Major manufacturers are migrating to digital en masse. Apart from the difficulty of sourcing critical components in the needed quantities for worldwide large-scale distribution, there is the matter of the ease and low cost with which pedals can be produced using surface-mount components and wave soldering, as well as the space aspect, consistency of product (all copies of a given COSM pedal sound the same, analog through-hole not so much), and something which Behringer has made abundantly clear in recent years: the number of features you can provide per dollar to the end-user. Through-hole analog demands many more components for any additional features, where digtal can pack many more features in with little or no additional parts. The FZ-5 is actually an excellent example of that. It would take a lot more "stuff", and introduce more quality control issues, to be able to stuff three different fuzzes into that same box.

Finally, as a great many boutique manufacturers have learned the hard way, if people can see what you used and how its connected, then they don't need _your_ pedal. Having how and what the pedal does in invisible firmware makes pedals virtually clone-proof, increasing their shelf-life as viable products. In many cases, as well, manufacturers can stick with a basic "platform" and create many duifferent pedals from it. EHX does that with many of theirs, and so does Line 6.


----------



## k tone (Oct 7, 2008)

All very good points and I know what you are saying. All I am saying is that I think that MXR/ Maxon/ Ibanez etc have done well for themselves with some of their classic reissues and that Boss has enough of a back catalog to do the same. If you look at threads full of expensive pedalboards full of boutique effects you usually see a discontinued Boss or 2 on there. Very rare that you see an FZ-5 on any board because they sound like $hit compared to my FZ-2 or the FZ-3 which are all analog (and they have had bands record entire albums using these effects).

FZ-2 for the Stoner crowd
RV-3 for the Shoegaze people
DM-2's for everyone!!!

I know they cater to the Metal Zone playing 14 year old and that Roland eclipses all of Boss in sales. I would just like to see it for my own selfish reasons and I think it would make a splash on boards such as these. When is the last time anyone got excited about a new Boss pedal release?

PS. I do not really care for the boutique thing at all. I have seen attrocious builds in some and have had noise/ grounding issues with others as well. Plus if you buy online they are a pain in the a$$ to return/ get serviced. Almost all of my pedals are off the shelf from major manufacturers.


----------



## mhammer (Nov 30, 2007)

Well, with Behringer cloning their (Boss) entire back-catalog (as well as many Line 6, MXR, and EHX pedals), I don't think that's about to happen.


----------



## hollowbody (Jan 15, 2008)

k tone said:


> PS. I do not really care for the boutique thing at all. I have seen attrocious builds in some and have had noise/ grounding issues with others as well.
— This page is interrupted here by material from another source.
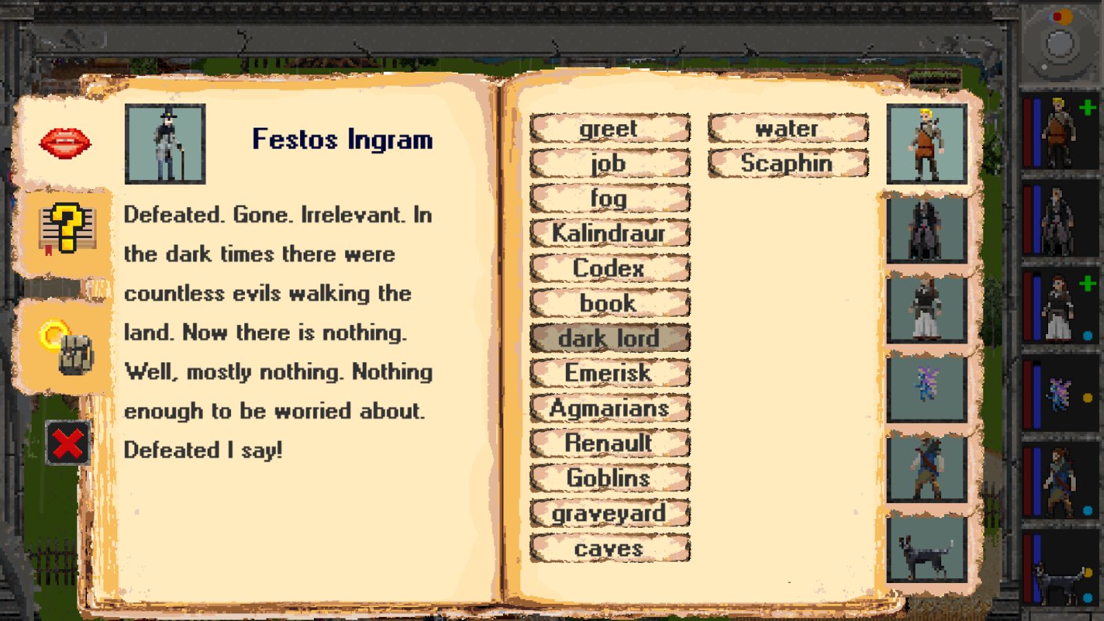 Speaking of the plot, the story is largely told by the various people you meet across your travels. It’s a typical tale with heroes and a dark lord, but what throws a monkey wrench into the triteness is that people have their own accounts of what’s happening. Many of the explanations or anecdotes you’ll receive conflict with each other. Combine the confliction with the memory loss, and you have the recipe for a strong mystery. Who were the nobles of the area? What was their legacy? What did the dark lord do? Did he even exist at all? All of these questions swirl around in a chaotic soup, really lending to the themes of memory loss and disorientation.

Plus if you buy online they are a pain in the a$$ to return/ get serviced. Almost all of my pedals are off the shelf from major manufacturers.


Not to go off topic here too much, but I recently had Z.Vex service my SHO after I had messed it up quite good trying to installed an LED and 3PDT switch. I told them what I had done, and they took my pedal, fixed it, did the mods I wanted and returned it to me all during the holiday season with very little turnaround and only charged me for shipping. I can't see Roland doing the same.


----------



## k tone (Oct 7, 2008)

hollowbody said:


> Not to go off topic here too much, but I recently had Z.Vex service my SHO after I had messed it up quite good trying to installed an LED and 3PDT switch. I told them what I had done, and they took my pedal, fixed it, did the mods I wanted and returned it to me all during the holiday season with very little turnaround and only charged me for shipping. I can't see Roland doing the same.
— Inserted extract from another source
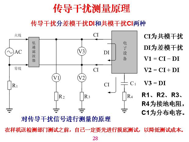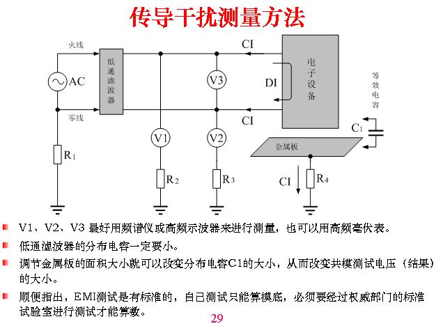 傳導(dǎo)干擾測量原理。這里面?zhèn)鲗?dǎo)干擾有兩個干擾,一個是共模,一個是差模,這樣一個回路是流進(jìn)入又流出來的,這叫做差模。這兩個同時進(jìn)去從另外一邊流出來叫共模,共模干擾很簡單,就是以大地為一端,另外一端是以上面的線路、設(shè)備,不管什么線為一端測到的電壓,這叫做共模干擾。因為測量的時候必須要與一根電路連接,先測三個電壓,這是測這個與大地之間的電壓,這是測兩條線之間的電壓,然后得出結(jié)算公式。V1=CI-DI,就是共模干擾減去差模干擾。V2=CI+DI,V3=DI,R1、R2、R3、R4為接地電阻,C1為分布電容,如果到檢測所去測之前自己一定要先進(jìn)行摸底測試,用一塊墊板或金屬板放在下面接地,等于說分布是固定的,利用標(biāo)準(zhǔn)一塊板與機(jī)器造成分布電容,一般是一個平方米等等,是由他們定的,你可以做試驗,測多大都沒有關(guān)系,但它是固定的,測電視機(jī)是什么樣,測手機(jī)是什么樣,這是不一樣的。傳導(dǎo)干擾測量方法。分布電容在這一塊金屬板,與它之間產(chǎn)生分布電容,當(dāng)然用這個板帶分布電容,測出來的結(jié)果數(shù)字越大,這只是用來做對比,以此為基礎(chǔ)。我們做摸底可以用大一點(diǎn)測,容易測得到,但你測得不算數(shù)。

Last Boss I shipped out was a DS-1 with a switch problem. They replaced it and and all it cost was shipping to Roland Canada in Vancouver. They wanted to courier it for $20 and when I said I could buy a used one for that they did it via Canda Post general for $9. It was still within the 5 year warranty though. 
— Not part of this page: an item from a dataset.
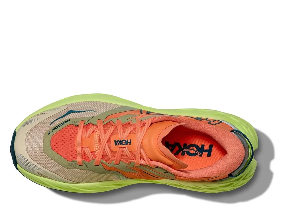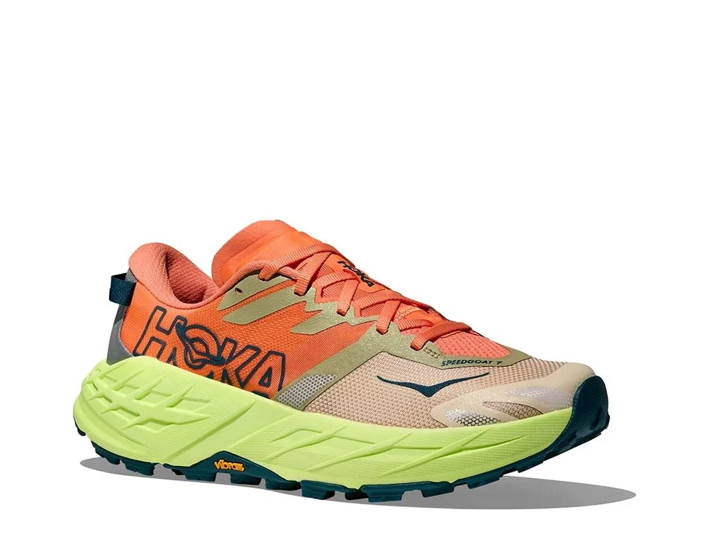 Hoka Speedgoat 7 – legendiniai trail bėgimo batai, atnaujintas modelis su pagerintu sukibimu ir lengvesne amortizacija, idealūs techniškiems kalnų takams ir ultramaratonams.

A few years back I bought two pedals off of a boutique manufacturer (name withheld) who had a great rep on another forum. When I received them the Trem depth knob did not work at all and the fuzz that I bought had no output when engaged. I opened up the back of the fuzz pedal, the switch was not soldered and it was grounding out on the cover (I pulled out the iron and fixed it). He told me to ship them back and he would repair them. I said I would ship them back (it was at my cost as well!) and he could refund me. I bought a Voodoo Lab Trem and never looked back.


----------



## k tone (Oct 7, 2008)

mhammer said:


> Well, with Behringer cling their (Boss) entire back-catalog (as well as many Line 6, MXR, and EHX pedals), I don't think that's about to happen.


True. It would be cool though.


----------



## hollowbody (Jan 15, 2008)

k tone said:


> Last Boss I shipped out was a DS-1 with a switch problem. They replaced it and and all it cost was shipping to Roland Canada in Vancouver. They wanted to courier it for $20 and when I said I could buy a used one for that they did it via Canda Post general for $9. It was still within the 5 year warranty though.
> 
> A few years back I bought two pedals off of a boutique manufacturer (name withheld) who had a great rep on another forum. When I received them the Trem depth knob did not work at all and the fuzz that I bought had no output when engaged. I opened up the back of the fuzz pedal, the switch was not soldered and it was grounding out on the cover (I pulled out the iron and fixed it). He told me to ship them back and he would repair them. I said I would ship them back (it was at my cost as well!) and he could refund me. I bought a Voodoo Lab Trem and never looked back.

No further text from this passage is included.